• WHAT IS EXPECTED:
The line with "Charakteristika: - Celková" marks the first line to copy, and the line with "- Página 4: Fracasa" marks the last. Transcribe that stretch of the data below exactly, without pictures.
** DATASET CONTENT follows **
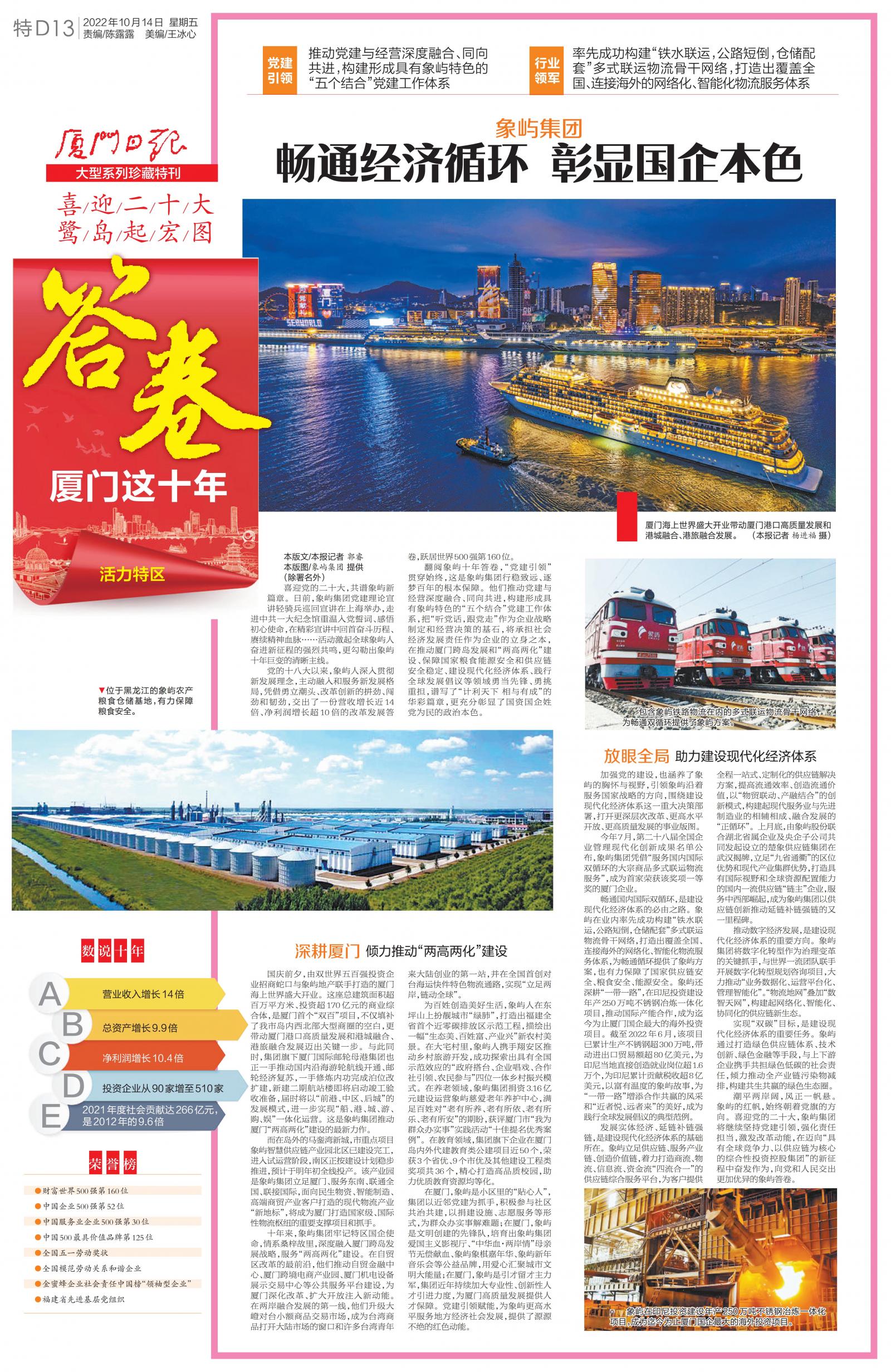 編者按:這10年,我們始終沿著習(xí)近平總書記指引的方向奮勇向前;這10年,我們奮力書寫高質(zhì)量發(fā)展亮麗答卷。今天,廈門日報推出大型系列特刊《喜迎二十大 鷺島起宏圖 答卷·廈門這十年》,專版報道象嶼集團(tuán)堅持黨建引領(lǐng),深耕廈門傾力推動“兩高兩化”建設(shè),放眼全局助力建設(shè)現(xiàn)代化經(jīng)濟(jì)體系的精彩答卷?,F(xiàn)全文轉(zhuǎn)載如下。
** End of DATASET CONTENT **
** DATASET CONTENT follows **
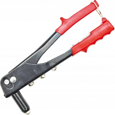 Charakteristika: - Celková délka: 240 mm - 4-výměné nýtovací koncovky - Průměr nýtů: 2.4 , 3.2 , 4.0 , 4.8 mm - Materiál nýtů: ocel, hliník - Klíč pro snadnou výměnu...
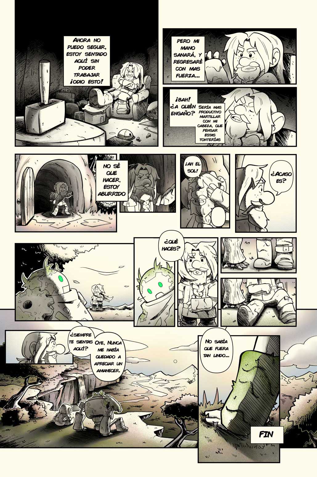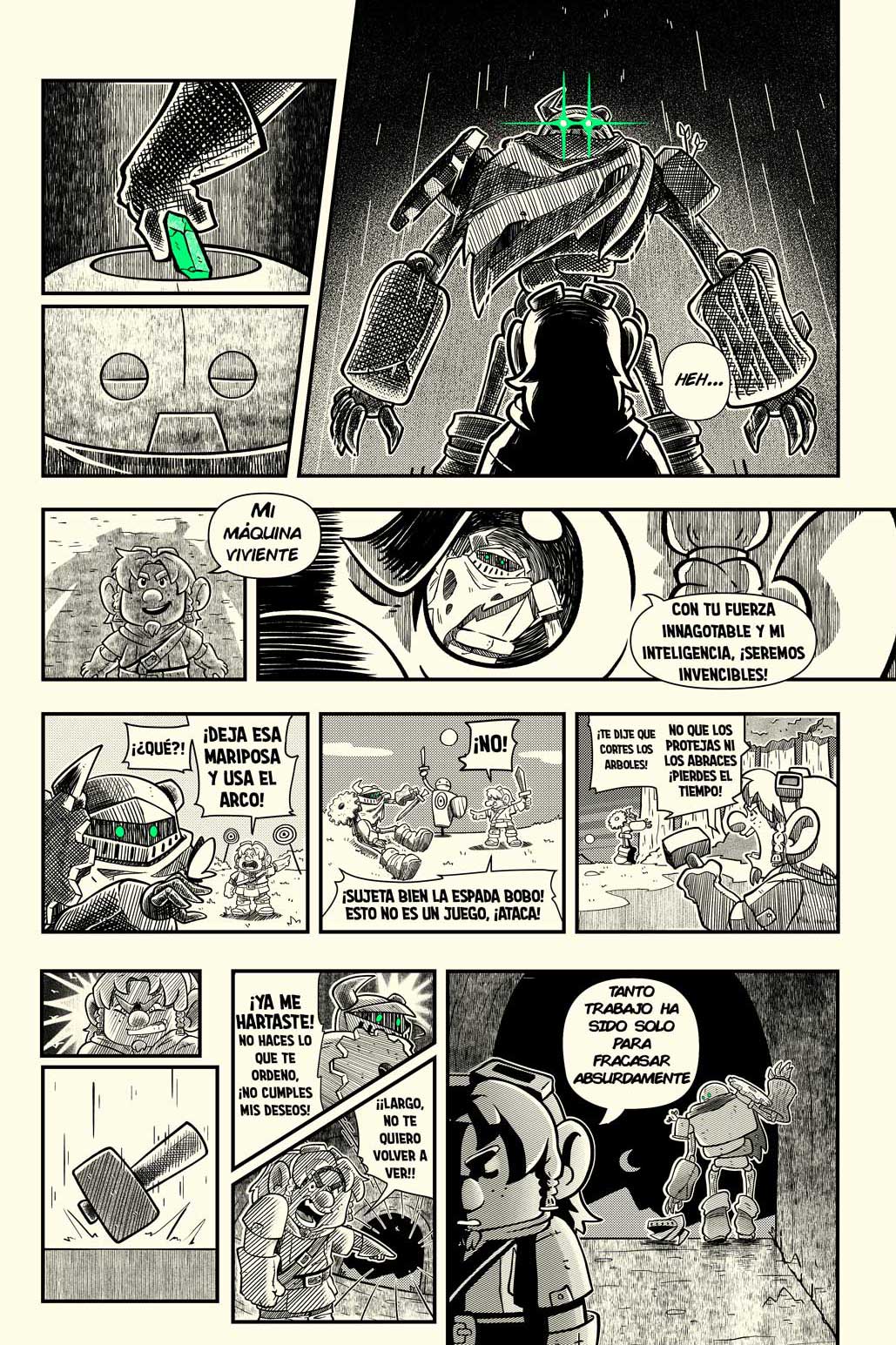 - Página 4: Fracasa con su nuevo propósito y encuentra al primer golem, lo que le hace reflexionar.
** End of DATASET CONTENT **
** DATASET CONTENT follows **
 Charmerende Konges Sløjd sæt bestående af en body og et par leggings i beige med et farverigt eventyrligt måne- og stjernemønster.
** End of DATASET CONTENT **
• REPLY:
 Charakteristika: - Celková délka: 240 mm - 4-výměné nýtovací koncovky - Průměr nýtů: 2.4 , 3.2 , 4.0 , 4.8 mm - Materiál nýtů: ocel, hliník - Klíč pro snadnou výměnu...
 - Página 4: Fracasa con su nuevo propósito y encuentra al primer golem, lo que le hace reflexionar.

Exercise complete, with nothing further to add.